Priorities. [/quote]

THIS!

More deaths are caused each year by tobacco use than by all deaths from human immunodeficiency virus (HIV), illegal drug use, alcohol use, motor vehicle injuries, suicides, and murders combined… about 443,000 in the USA alone. The US is the most overly prescribed country in the world.

USA Today reports that prescriptions are now the biggest cause of drug overdose (22,000 per year).

Alcohol related deaths come to 75,000 per year.

[quote]devilmanVISA wrote:

But you did all the same. What’s that about? [/quote]

When two posters - who strangely seem to be hyper-attuned to every one else’s faults but blind to their own -team up to make patronizing jibes directed at me, I have every right to respond … That’s what it’s “about”.

Glad you brought up hypothetical questions, but you forgot to include that whopper above where you claim B6 has been banned, when your own sources say no such thing. What they do say is that pyridoxamine has been withdrawn as a supplement based on it’s status as “an investigational new drug”. I can quote your own sources back at you if you want.

You substituted “banned” for “withdrawn”, a subtle but significant semantic switch, to make your argument stick.

In response to that same hypothetical question, I asked you to provide me with an answer, and you didn’t, because they haven’t banned it.

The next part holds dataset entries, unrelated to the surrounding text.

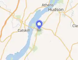 Olana is in the south part of Greenport, New York, in Columbia County, south of Hudson and east of Catskill. By car, the estate can be reached from New York State Route 9G, less than an hour's drive south of Albany. The nearest Amtrak train station is in Hudson. The grounds are open during the day throughout the year and the original carriage roads are accessible. Organized tours of the residence are generally available Tuesday through Sunday, and holiday Mondays, from April to October. From November to March, tours are conducted Friday through Sunday. Reservations for house tours are recommended.[35] Photography is permitted anywhere on the grounds, including the interior of the house. The Hudson River Skywalk, a pedestrian walkway across the Rip Van Winkle Bridge opened in 2019, connects the site to the Thomas Cole National Historic Site in Catskill.[36][37]
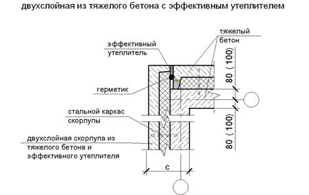 Монолитные наружные стены с утепляющими и отделочными наружными навесными панелями-скорлупами
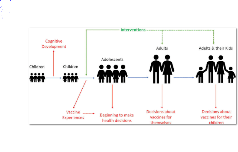 Figure 1 in the paper (and above) explores a concept map for reasons for focusing on children: (i) the importance of childhood cognitive development on formation of core beliefs; (ii) the fact that children's primary experience with vaccination is pain, which can create future vaccine hesitancy; (iii) the prospect that vaccine-hesitant parents could convey their beliefs on their children; and (iv) the reality that involvement in vaccine decision-making is occurring earlier in life due to the increase in adolescent vaccines.
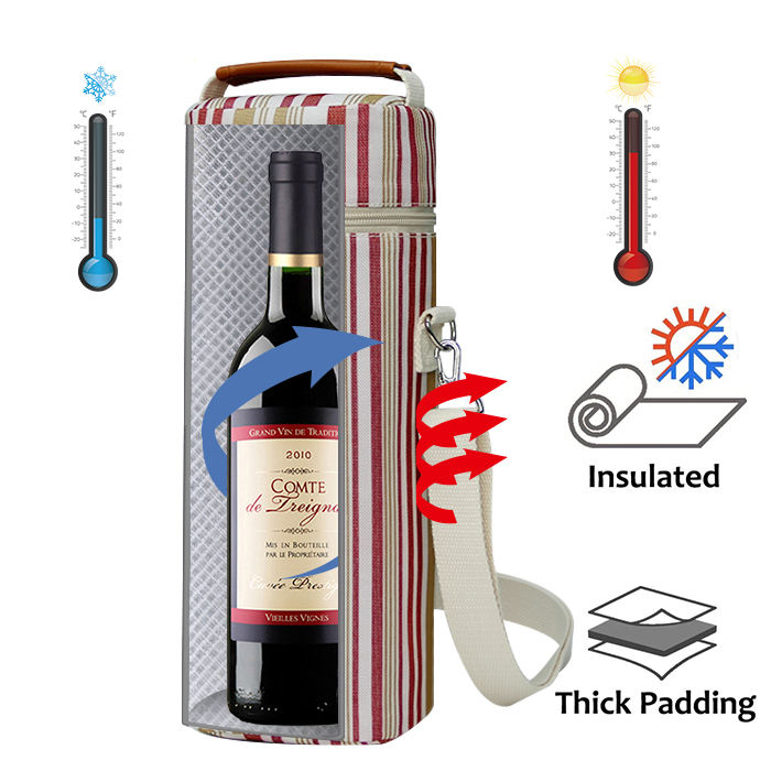 | حقيبة تبريد معزول حراريًا مخصصة حقيبة هدايا زجاجة نبيذ فاخرة | ||
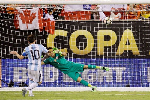 Lionel al momento de errar su tiro penal durante la final de la Copa América Centenario
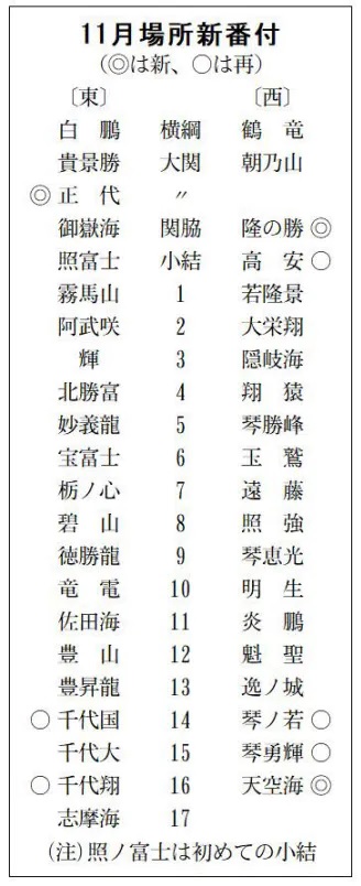 秋場所優勝の正代が新大関 11月場所新番付 ―― 日本相撲協会は26日、福岡から東京へ会場を移して開催される大相撲11月場所(8日初日、両国国技館)の新番付を発表し、秋場所で初優勝した新大関の正代は東の2番目に就いた。先場所、西前頭筆頭で10勝を挙げた隆の勝は新関脇。千賀ノ浦部屋からは初めての新三役となった。

So yes, I know exactly what you were trying to do there (which is why I gave you a rhetorical answer that sent the question with no answer right back at you), and despite what you think you know about me, I do read, comprehend and absorb posted material before forming an opinion. We done?

[quote]Ghost22 wrote:
Anyone know off-hand how many people big tobacco kills every year?

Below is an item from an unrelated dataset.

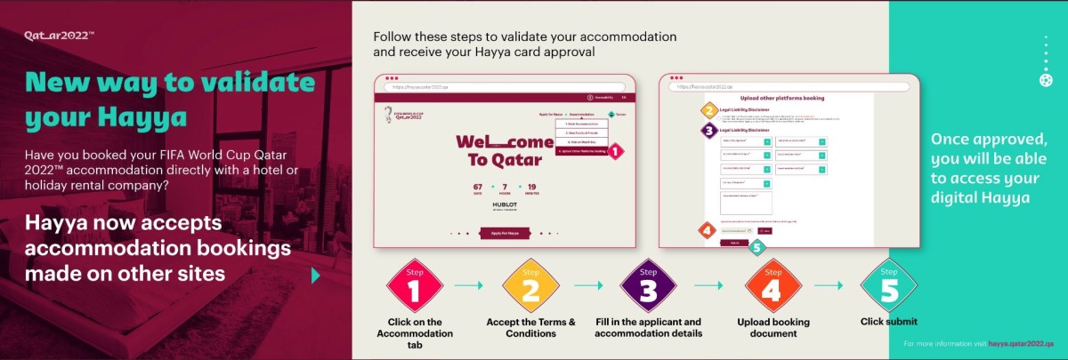 Doha: The Supreme Committee for Delivery and Legacy (SC) on Tuesday introduced a new option to validate the Hayya Card for those who are planning to stay with their family or friends during the FIFA World Cup in Qatar.
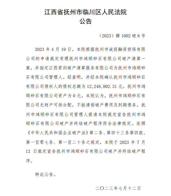 7月12日,江西省撫州市臨川區(qū)人民法院公告,本院認(rèn)為,撫州市鴻順砂石有限公司無財產(chǎn)可供分配,不能清償破產(chǎn)費(fèi)用及到期債務(wù)。撫州市鴻順砂石有限公司管理人提請本院裁定宣告撫州市鴻順砂石有限公司破產(chǎn)并終結(jié)破產(chǎn)程序符合法律規(guī)定。本院于2023年7月12日裁定宣告撫州市鴻順砂石有限公司破產(chǎn)并終結(jié)破產(chǎn)程序。

Or misused pharmaceuticals?

OOH OH! How about drunk driving or all the health complications from alcoholism!

I’ll just ballpark it and go with, “a shitload.”

How many people died from OTC supplements? A lot less than a shitload.

Priorities. [/quote]

We all know their priorities are to make as much money as possible. They really don’t give a shit if something is safe or not.